The reason for a lack of gauges for this characteristic is that most makers don't produce crap parts.

The most likely way to screw this up is if the hex faces are also not perpendicular to the mating faces and were used to hold nut blank at an angle to the face when the thread was formed/cut. Set the part on each of the flats and check the perpendicularity of the mating faces to them - a visual inspection should quickly find the worst alignment.

If your supplier wants to fight about these parts and they are clearly out of spec, then find a new supplier. No amount of extra gauging forces them to make the parts properly. If they can't make them properly and their gauge rejects them then you have is a contract they cannot fulfill and you are back to finding a new supplier.

Is there some control for the outer 0.2s part of the face that is not controlled by total runout so it is not irregular lumps of material above the nominal mating face?

 

[M.B.]

The reason for a lack of gauges for this characteristic is that most makers don't produce crap parts.
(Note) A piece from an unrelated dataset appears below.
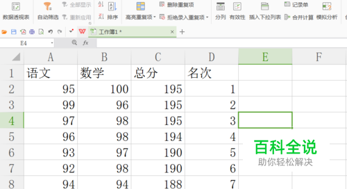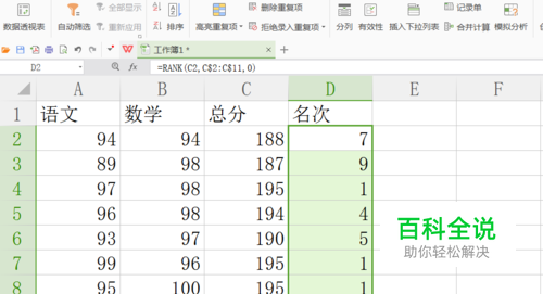 其中,C2是第2行数据总分中的第一个数值195,也就是需要排序的数值。如图所示:

Agreed, but you get what you pay for and cheap parts is the name of the game for our clients.

The most likely way to screw this up is if the hex faces are also not perpendicular to the mating faces and were used to hold nut blank at an angle to the face when the thread was formed/cut. Set the part on each of the flats and check the perpendicularity of the mating faces to them - a visual inspection should quickly find the worst alignment.
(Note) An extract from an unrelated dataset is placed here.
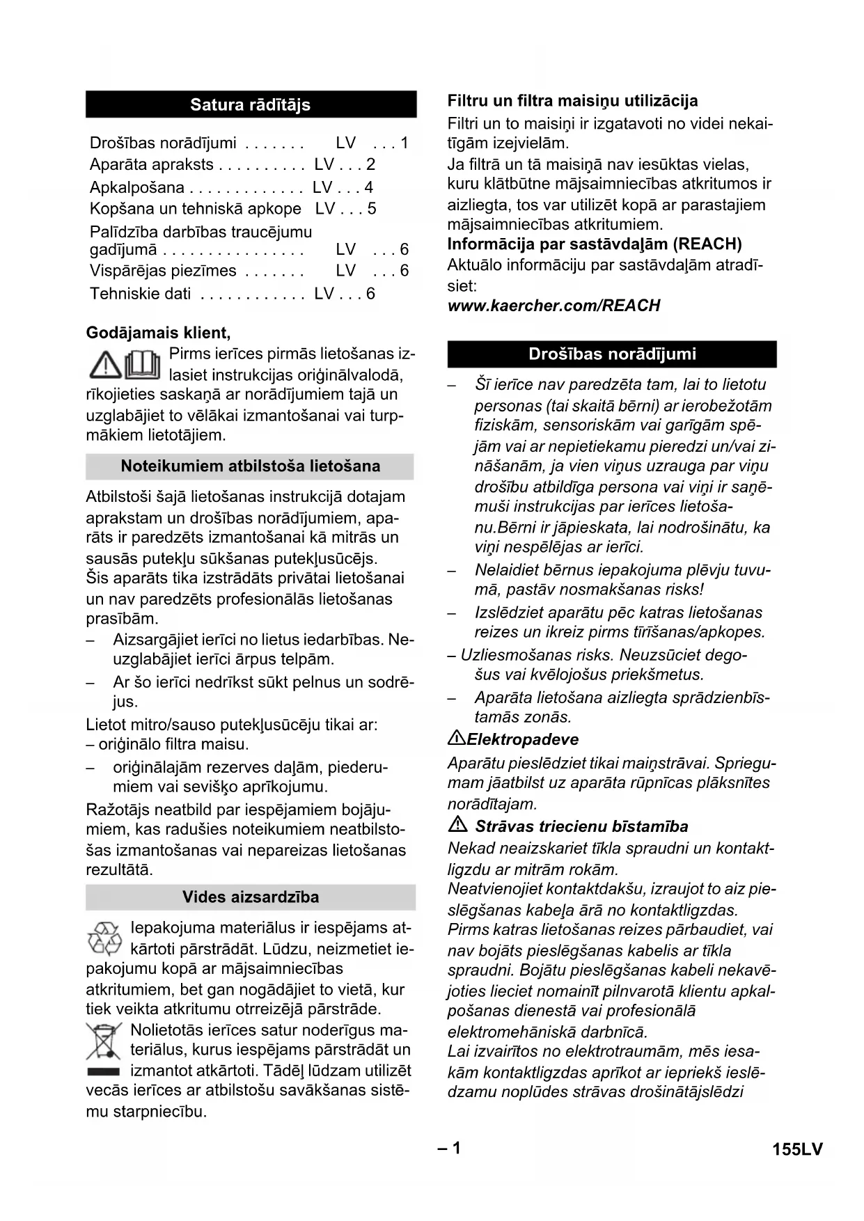 - mu starpniecību. Filtri un to maisiņi ir izgatavoti no videi nekai- tīgām izejvielām. Ja filtrā un tā maisiņā nav iesūktas vielas, kuru klātbūtne mājsaimniecības atkritumos ir aizliegta, tos var utilizēt kopā ar parastajiem mājsaimniecības atkritumiem. Informācija par sastāvdaļām (REACH) Aktuālo informāciju par sastāvdaļām atradī- siet: www.kaercher.com/REACH – Šī ierīce nav paredzēta tam, lai to lietotu personas (tai skaitā bērni) ar ierobežotām fiziskām, sensoriskām vai garīgām spē- jām vai ar nepietiekamu pieredzi un/vai zi- nāšanām, ja vien viņus uzrauga par viņu drošību atbildīga persona vai viņi ir saņē- muši instrukcijas par ierīces lietoša- nu.Bērni ir jāpieskata, lai nodrošinātu, ka viņi nespēlējas ar ierīci. – Nelaidiet bērnus iepakojuma plēvju tuvu- mā, pastāv nosmakšanas risks! – Izslēdziet aparātu pēc katras lietošanas reizes un ikreiz pirms tīrīšanas/apkopes. – Uzliesmošanas risks. Neuzsūciet dego- šus vai kvēlojošus priekšmetus. – Aparāta lietošana aizliegta sprādzienbīs- tamās zonās. 몇 Elektropadeve Aparātu pieslēdziet tikai maiņstrāvai. Spriegu- mam jāatbilst uz aparāta rūpnīcas plāksnītes norādītajam. Strāvas triecienu bīstamība Nekad neaizskariet tīkla spraudni un kontakt- ligzdu ar mitrām rokām. Neatvienojiet kontaktdakšu, izraujot to aiz pie- slēgšanas kabeļa ārā no kontaktligzdas. Pirms katras lietošanas reizes pārbaudiet, vai nav bojāts pieslēgšanas kabelis ar tīkla spraudni. Bojātu pieslēgšanas kabeli nekavē- joties lieciet nomainīt pilnvarotā klientu apkal- pošanas dienestā vai profesionālā elektromehāniskā darbnīcā. Lai izvairītos no elektrotraumām, mēs iesa- kām kontaktligzdas aprīkot ar iepriekš ieslē- dzamu noplūdes strāvas drošinātājslēdzi Satura rādītājs Drošības norādījumi

Nut sides are reasonably perpendicular to the faces.
According to the supplier's 8D the problem lies in a worn tool for threading that had some play, of course the supplier produced another out of spec batch after implementing corrective measures, so their 8D is likely not worth the paper to print it.

If your supplier wants to fight about these parts and they are clearly out of spec, then find a new supplier.
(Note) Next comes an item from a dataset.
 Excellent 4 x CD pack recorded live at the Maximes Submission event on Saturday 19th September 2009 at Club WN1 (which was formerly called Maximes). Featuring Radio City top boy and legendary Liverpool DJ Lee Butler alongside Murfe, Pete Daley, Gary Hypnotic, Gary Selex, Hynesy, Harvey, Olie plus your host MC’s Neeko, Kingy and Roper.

The concern is not the supplier maintaining the parts are OK, they admitted fault, the problem is that this cascaded in major problems on our client's end (line stoppage, parts needing to be hand carried to resume production and all in all a significant shitstorm).
Due to all of this, a perpendicularity check will likely be explicitly called out in the revised customer's drawing, so we will need to implement it regardless of a possible supplier switch.

 

[3DDave]

You skipped:

"If they can't make them properly and their gauge rejects them then you have is a contract they cannot fulfill and you are back to finding a new supplier."

Your supplier lied to you twice that the parts met the requirements. They clearly don't want your business.

Before you fire them, ask for a video of their machine operating. Have them paint the nut blanks they use in the video and ship the painted nuts to you.

 

[M.B.]

If they can't make them properly and their gauge rejects them then you have is a contract they cannot fulfill and you are back to finding a new supplier.

True, but again, even if we end up changing supplier, the perpendicularity/run-out requirement is almost certainly going to be an inspection characteristic in the revised customer's drawing, so that does not save me from having to find and implement a reasonable way to check it at goods-in here and during manufacturing (whomever the supplier may be).

 

[geesaman.d]

True, but again, even if we end up changing supplier, the perpendicularity/run-out requirement is almost certainly going to be an inspection characteristic in the revised customer's drawing, so that does not save me from having to find and implement a reasonable way to check it at goods-in here and during manufacturing (whomever the supplier may be).

1) A vendor lied to you (or is thoroughly incompetent) and you're choosing to accept that. They cost your customer (and likely your company) a ton of money and even if you have the right fixtures, you won't detect bad parts until they arrive at your door and incur cost and schedule delays. You can and must do better.

2) Moving to a vendor who doesn't lie and/or has competence might open the door to have the necessary quality control handled on their end so that your inspection burden will be minimized. JIT manufacturing doesn't work if the paying parties are reliant on defensive quality control methods.